From: Miklos Szeredi <miklos@szeredi.hu>
To: nickpiggin@yahoo.com.au
Cc: miklos@szeredi.hu, jamie@shareable.org,
torvalds@linux-foundation.org, jens.axboe@oracle.com,
linux-fsdevel@vger.kernel.org, linux-kernel@vger.kernel.org,
linux-mm@kvack.org, akpm@linux-foundation.org, hugh@veritas.com
Subject: Re: [patch 1/2] mm: dont clear PG_uptodate in invalidate_complete_page2()
Date: Mon, 07 Jul 2008 14:03:31 +0200 [thread overview]
Message-ID: <E1KFpRL-0001pA-Aq@pomaz-ex.szeredi.hu> (raw)
In-Reply-To: <200807072101.58963.nickpiggin@yahoo.com.au> (message from Nick Piggin on Mon, 7 Jul 2008 21:01:58 +1000)
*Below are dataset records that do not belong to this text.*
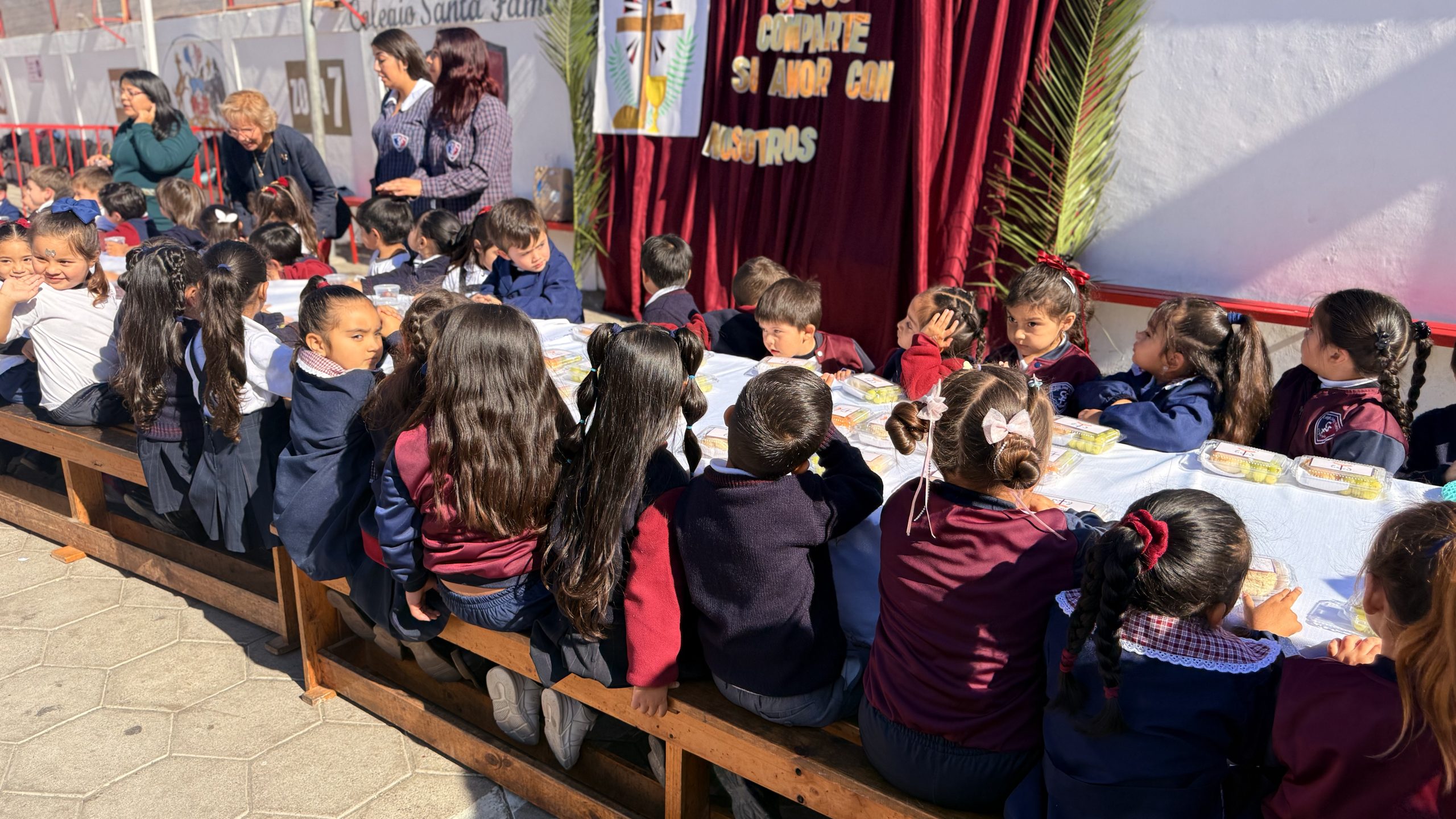 El jueves 17 de abril, se celebró la tradicional Cena de Pan y Vino, organizada por el Departamento de Religión e Historia. Durante la mañana, nuestros estudiantes de enseñanza básica participaron en esta significativa ceremonia, recordando con respeto y recogimiento la Última Cena de Jesús junto a sus discípulos. En la tarde, los más pequeños de Pre Kínder y Kínder también vivieron esta experiencia, acompañados por sus compañeros de 3° básico B, quienes, con cantos llenos de alegría, aportaron un hermoso gesto de fraternidad e integración.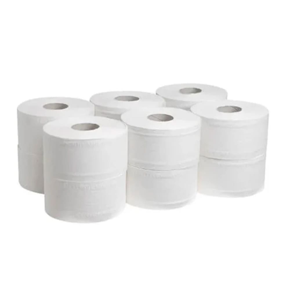 Super soft 2 ply white mini jumbo toilet rolls, ideal for busy washrooms. Durable and long-lasting; supplied in packs of 12 rolls for commercial use.
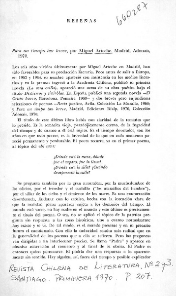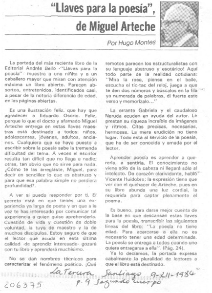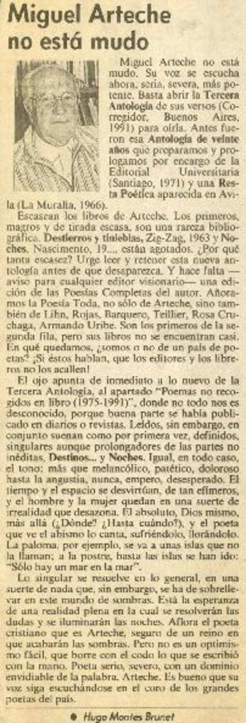 Un Poeta: Miguel Arteche [artículo] Hugo Montes B.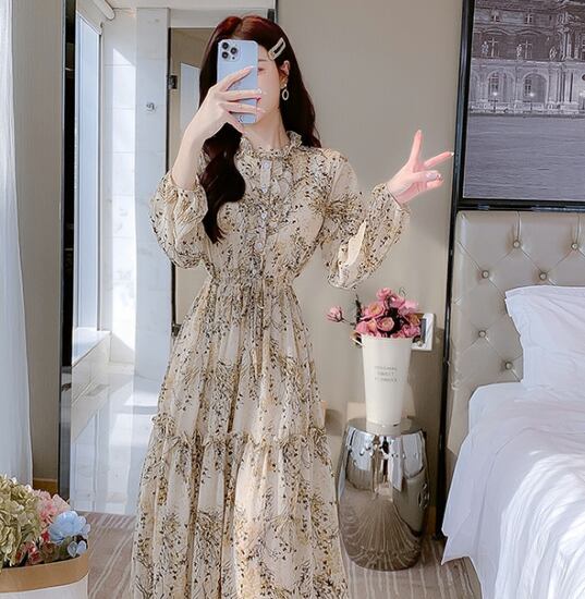 シフォンワンピース レディース ワンピース プリントワンピース 総柄 フローラル フリルネック ボタン 長袖ワンピース ミドル丈ワンピース Aラインスカート フェミニン カジュアル きれいめ 春夏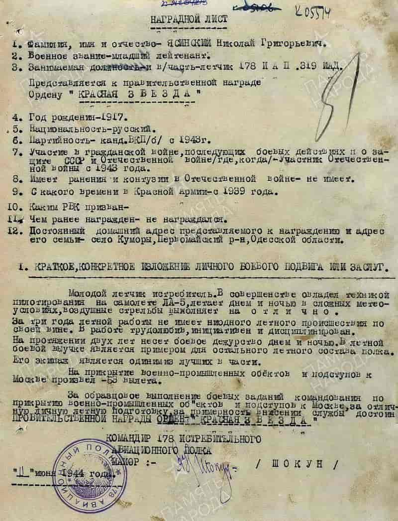 21.07.1943 младший лейтенант Ясинский Н.Г. прибыл в 178-й иап 319 иад ПВО. К июню 1944 года выполнил 63 боевых вылета.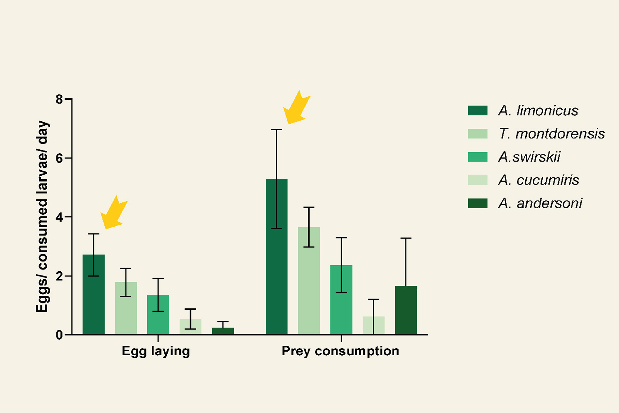 A. limonicus egg laying and predation capacity on T. parvispinus larvae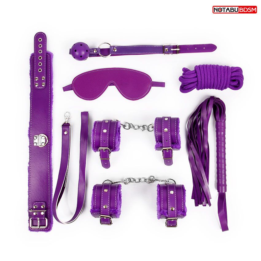 Великолепный набор аксессуаров для любителей БДСМ. В комплект входят кляп, наручники, оковы, ошейник, поводок, верёвка, маска, плеть. Кляп состоит из пластмассового шарика с отверстиями для дыхания и ремней с возможностью регулировки размера. Наручники и оковы снабжены металлической цепочкой, которая позволяет скреплять изделия вместе. Внешняя сторона наручников, оков, ошейника и маски выполнена под кожу, внутренняя отделана мехом, который предотвращает натирание кожи. Плеть-флогер состоит из хвостов и отделанной искусственной кожей рукоятки с петлей. В комплекте: маска, кляп, плётка, ошейник, наручники, оковы, верёвка.

On Mon, 7 Jul 2008, Nick Piggin wrote:
> And it isn't just a fuse problem is it? Other places can invalidate
> and truncate pages which might be spliced into a pipe, can't they?
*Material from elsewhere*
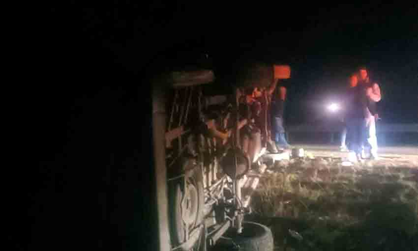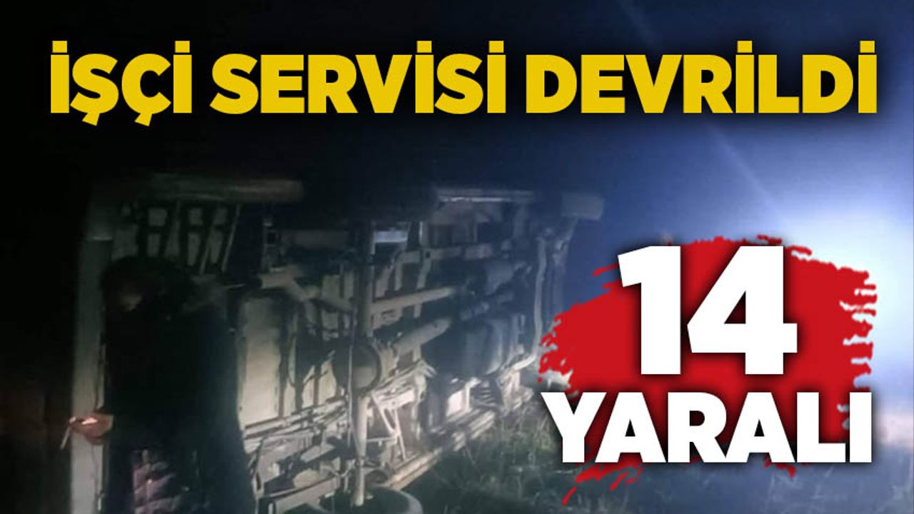 Ankara'nın Nallıhan ilçesinde işçileri taşıyan servisin yağmurdan ötürü kayganlaşan yolda kontrolden çıkarak devrildiği kazada 14 kişi yaralandı.
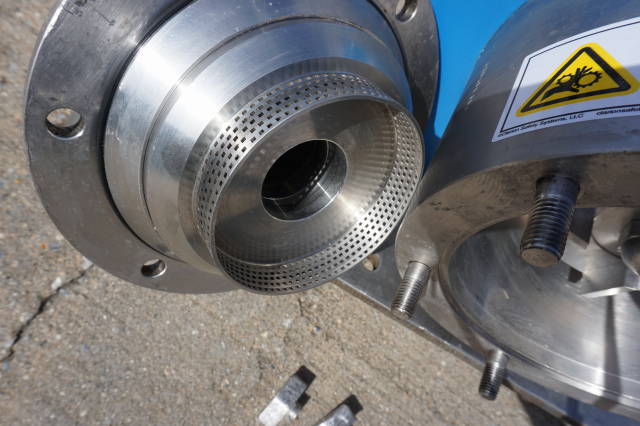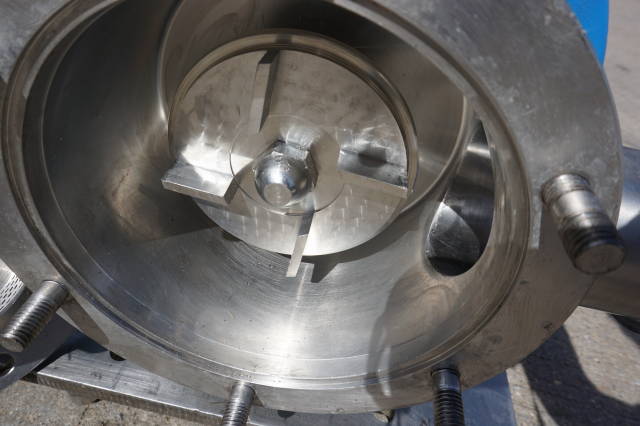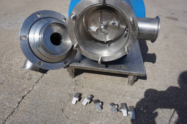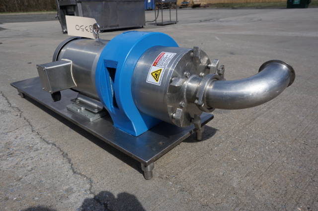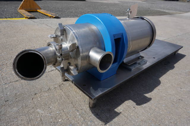 1-Used Silverson Stainless Steel Inline High Shear Mixer. Equipped with approx. 3 in . diameter tri-clamp sanitary inlet and outlet ports, unit driven by 7-1/2 HP 3/60/230-460 volt 3,500 RPM stainless steel “washdown” motor. Mounted on stainless steel base, machine last used in the food industry, machine has square hole high shear screen, which provides for high shear rates of soluble and insoluble granular solids. Also suitable for the preparation of emulsions, gels, and fine colloidal suspensions. (Stock #8350)

Yes. There are several different problems here actually, and it's not
completely clear how splice should handle them:
Case 1: page is completely truncated while in the pipe
Currently splice() will detect this and return a short read count on
the splice-out. Which sounds sane, and consistent with the fact
that a zero return value can happen on EOF.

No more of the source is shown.